__RECORDED DATA__.
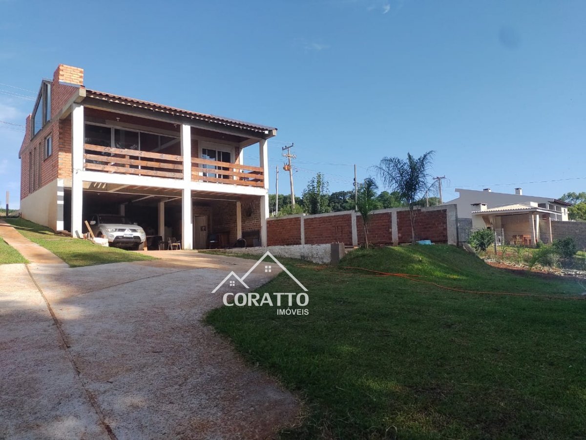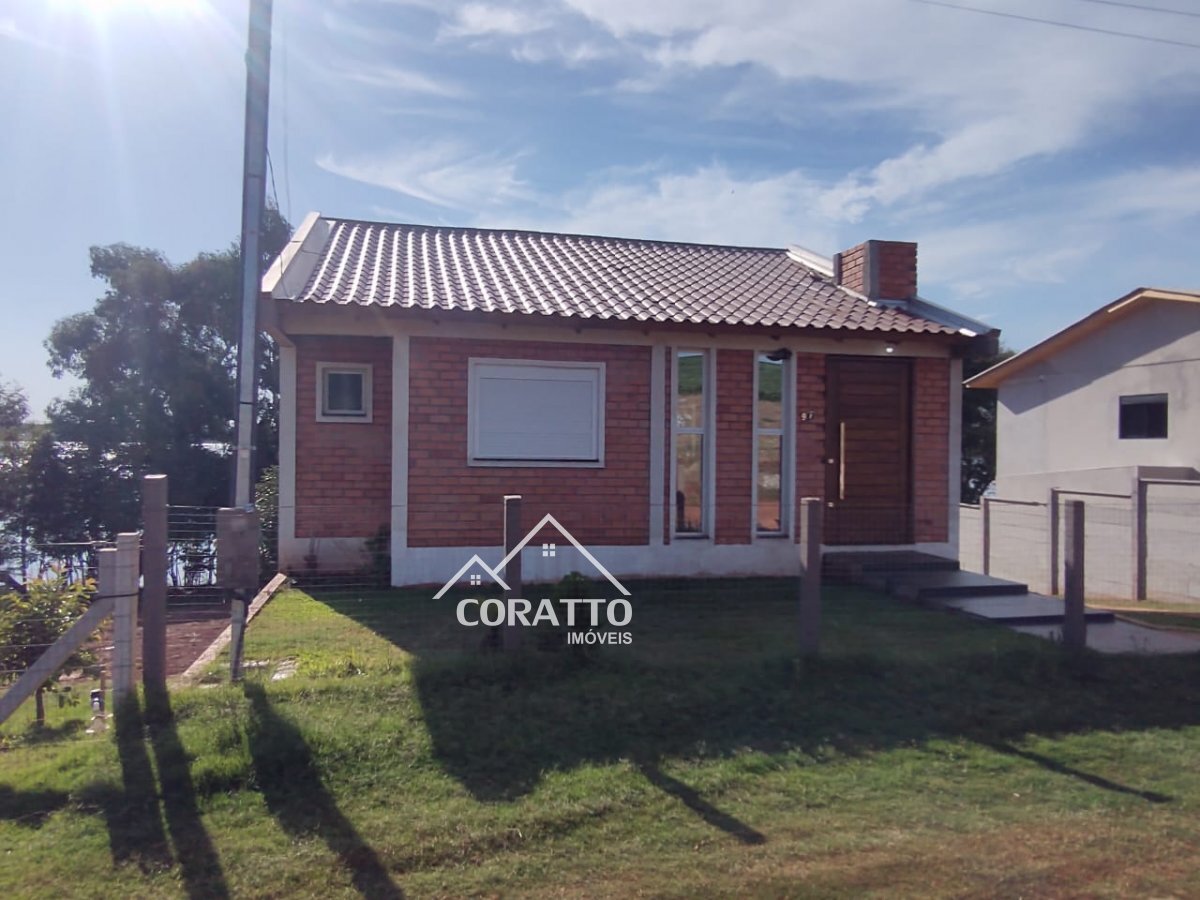 São 220m² de área construída, 2 dormitórios, e banheiros, sala de estar com lareira, sala de jantar e vaga de garagem para até 4 veículos.
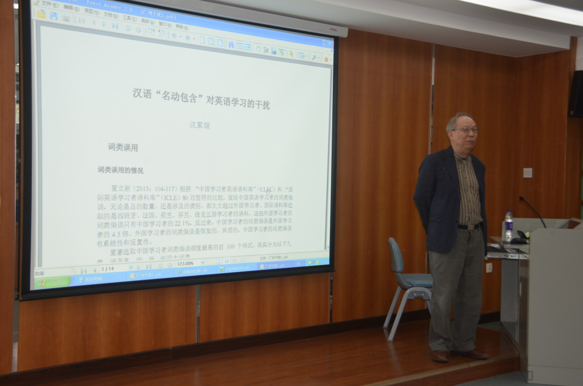 本网讯 4月20日,为传承和弘扬桂诗春先生“以不息为体,以日新为道”的为人治学精神,我校近期启动“诗春讲坛”,首场讲座在我校白云山校区第九教学楼306教室举行,著名语言学家、中国社会科学院语言研究所前所长沈家煊作了题为“汉语‘名动包含’对英语学习的干扰”的讲座。讲座由我校副校长、外国语言学及应用语言学研究中心主任刘建达主持。我校相关语言学院师生以及研究机构研究员聆听讲座。
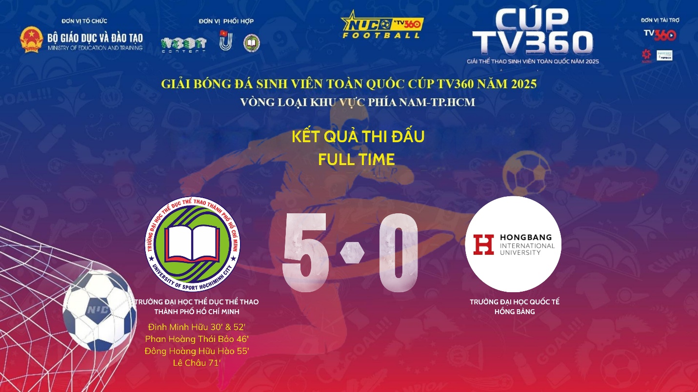 Sáng ngày 15/10/2025, ngay sau lễ khai mạc Giải bóng đá nam sinh viên toàn quốc – Cúp TV360 năm 2025 tại sân vận động Trường Đại học Thể dục Thể thao TP. Hồ Chí Minh (USH), đội tuyển bóng đá nam sinh viên USH đã có màn ra quân đầy ấn tượng khi giành chiến thắng áp đảo 5-0 trước Đại học Quốc tế Hồng Bàng, qua đó khẳng định sức mạnh và bản lĩnh của đội chủ nhà.
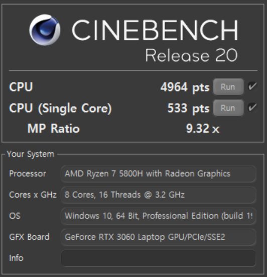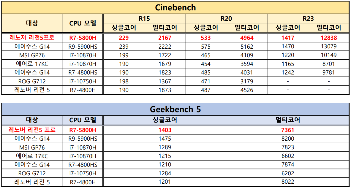 Cinebench는 CPU의 성능을 100% 활용해서 특정 이미지를 얼마나 빠르게 렌더링 하는지 여부를 평가하는 항목. 최신 R23 버전이 테스트 시간이 가장 길기 때문에 발열로 인한 성능 차이가 하위 버전보다 더 뚜렷하게 나타나는 경향이 있다. 싱글코어 테스트는 대체로 발열과 크게 관계가 없는 편이다.
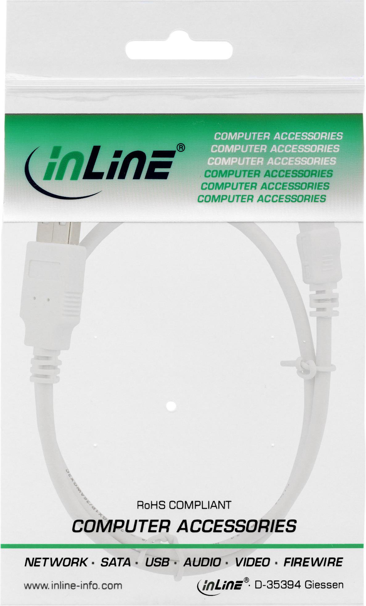 InLine® USB 2.0 Mini-Kabel, USB A Stecker an Mini-B Stecker (5pol.), weiß, 1m (31810W)
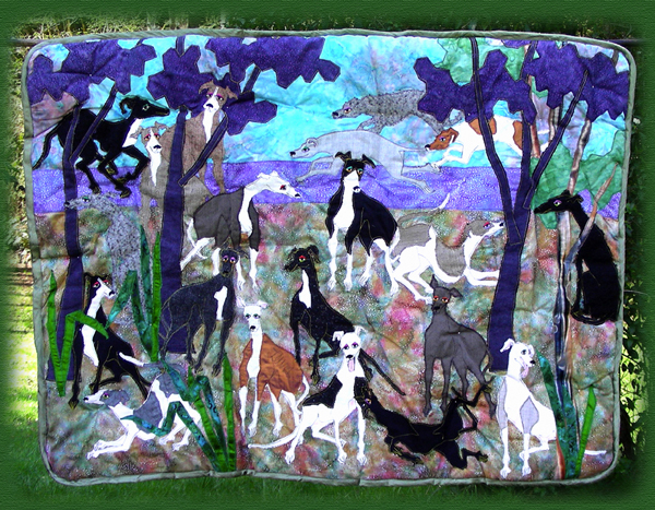 This time, we've added a SECOND PRIZE: a double-sided, four-greyhound tote by fabric artist Susan Lewis!

__EXERCISE DIRECTIONS__. In the data above, the line containing "InLine® USB 2.0" and all lines after it are to be reproduced exactly, leaving out the pictures.

__ANSWER SPACE__.
 InLine® USB 2.0 Mini-Kabel, USB A Stecker an Mini-B Stecker (5pol.), weiß, 1m (31810W)
 This time, we've added a SECOND PRIZE: a double-sided, four-greyhound tote by fabric artist Susan Lewis!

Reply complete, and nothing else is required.